Goal of the exercise:
In the material below, the lines between the one holding "近日,由中国知网和清华大学图" and the one holding "센트렐웰가 국민평형 기준", inclusive, are to be set down word for word. Pictures stay out.

Exercise data:
------------------------------
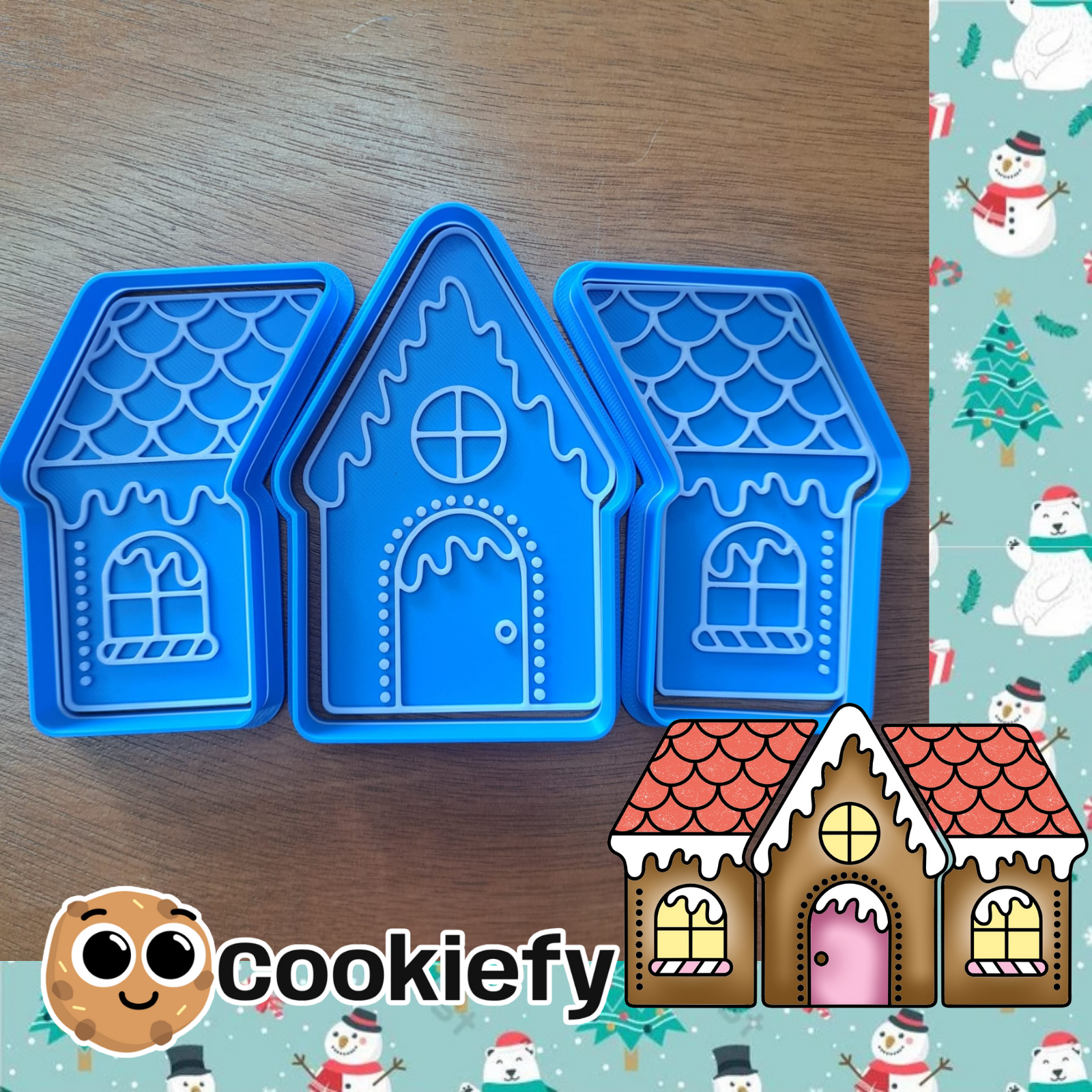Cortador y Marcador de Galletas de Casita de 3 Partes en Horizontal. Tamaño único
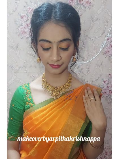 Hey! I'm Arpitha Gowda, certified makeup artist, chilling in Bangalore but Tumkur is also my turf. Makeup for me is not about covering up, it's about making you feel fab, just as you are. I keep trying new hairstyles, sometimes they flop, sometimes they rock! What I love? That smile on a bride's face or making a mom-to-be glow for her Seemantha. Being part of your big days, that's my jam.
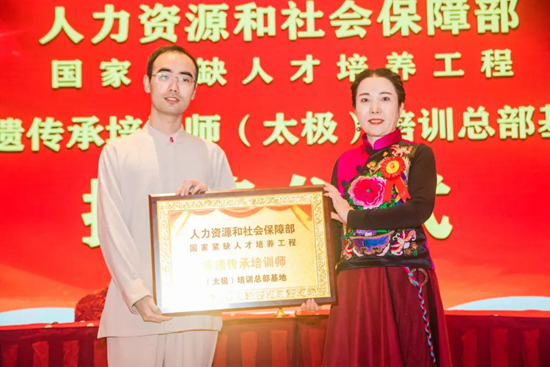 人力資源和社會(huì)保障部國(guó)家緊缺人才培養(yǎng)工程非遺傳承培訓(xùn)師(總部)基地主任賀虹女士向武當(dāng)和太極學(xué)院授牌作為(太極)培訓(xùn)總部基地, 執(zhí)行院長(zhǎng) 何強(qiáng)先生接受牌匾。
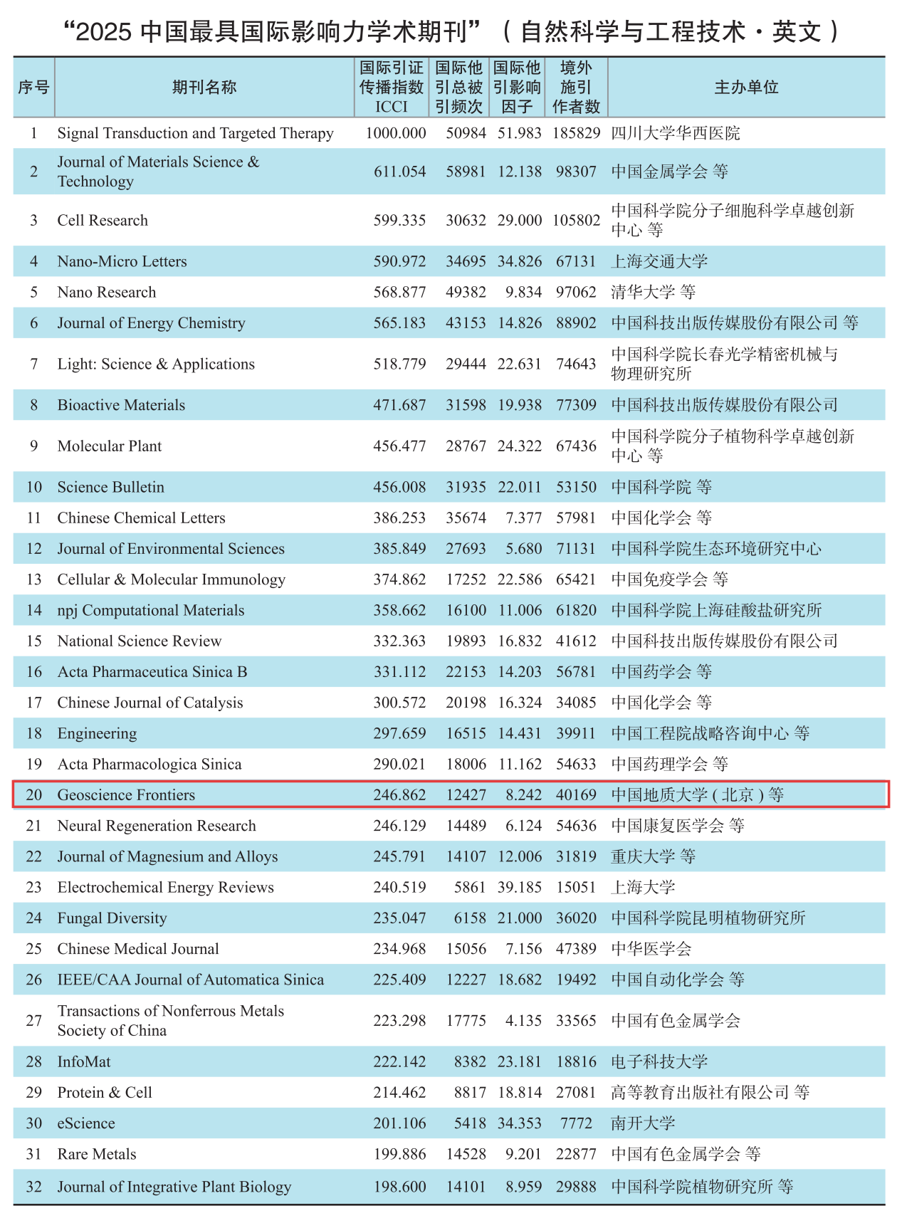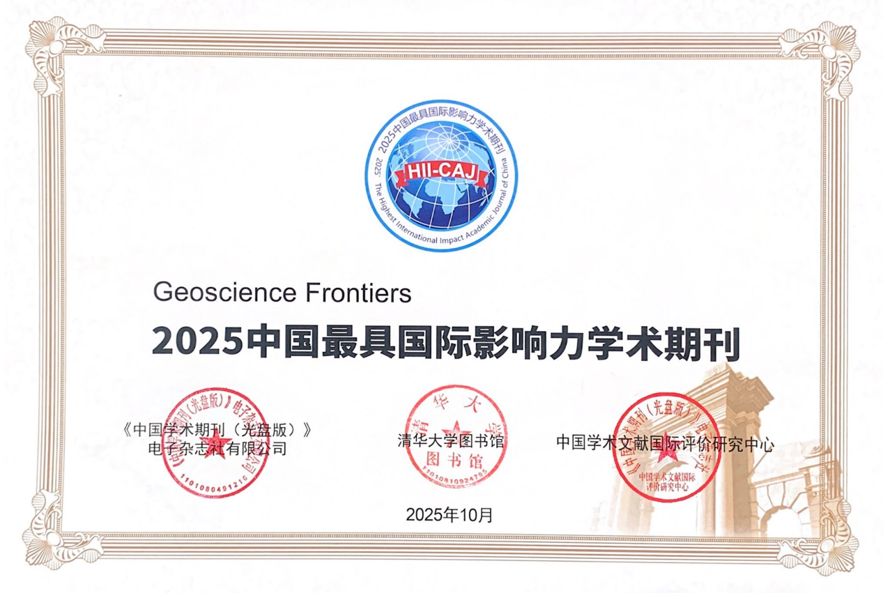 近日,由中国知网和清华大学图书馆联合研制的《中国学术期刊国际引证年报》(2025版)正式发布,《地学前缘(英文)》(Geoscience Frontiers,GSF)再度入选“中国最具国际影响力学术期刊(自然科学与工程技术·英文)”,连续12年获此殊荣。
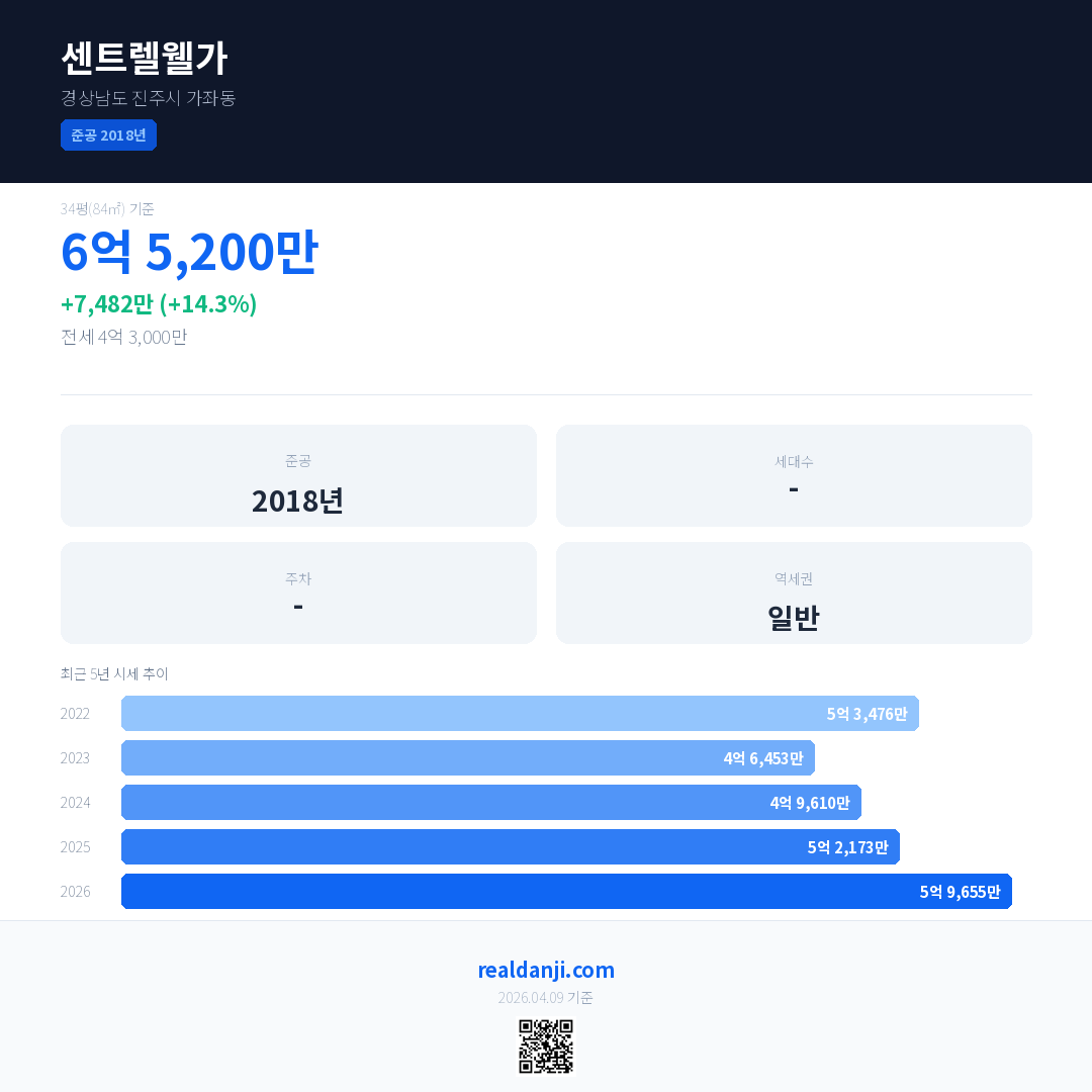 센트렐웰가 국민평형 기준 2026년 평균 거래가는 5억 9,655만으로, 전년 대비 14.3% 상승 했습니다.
------------------------------
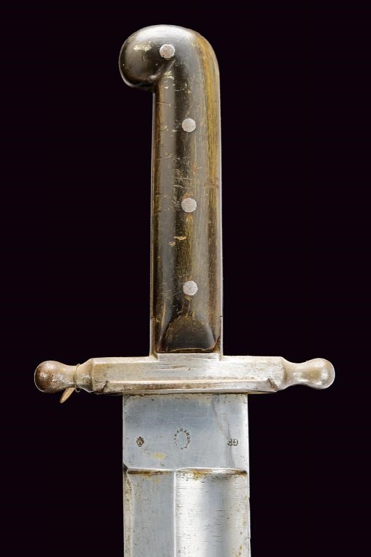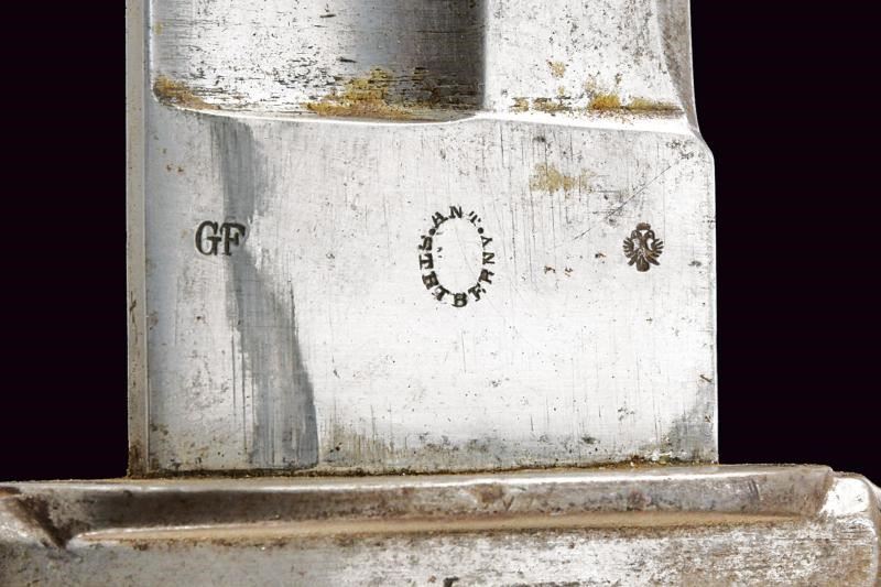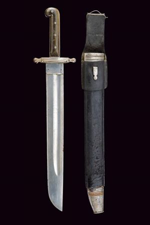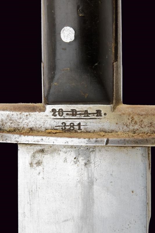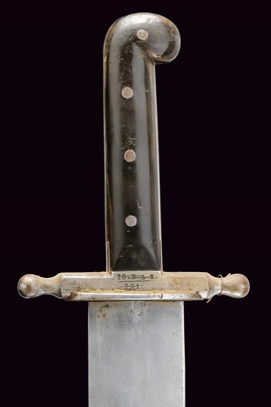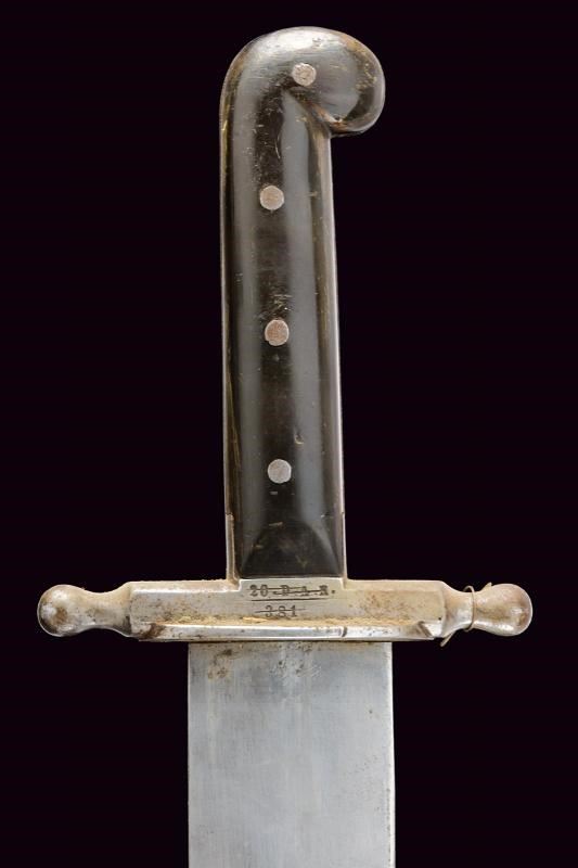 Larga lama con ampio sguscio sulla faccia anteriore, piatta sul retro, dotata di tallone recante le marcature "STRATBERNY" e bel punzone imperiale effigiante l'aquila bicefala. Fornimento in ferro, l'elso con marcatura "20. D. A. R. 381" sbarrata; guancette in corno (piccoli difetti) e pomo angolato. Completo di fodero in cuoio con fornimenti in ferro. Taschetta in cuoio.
------------------------------
Task response:
 近日,由中国知网和清华大学图书馆联合研制的《中国学术期刊国际引证年报》(2025版)正式发布,《地学前缘(英文)》(Geoscience Frontiers,GSF)再度入选“中国最具国际影响力学术期刊(自然科学与工程技术·英文)”,连续12年获此殊荣。
 센트렐웰가 국민평형 기준 2026년 평균 거래가는 5억 9,655만으로, 전년 대비 14.3% 상승 했습니다.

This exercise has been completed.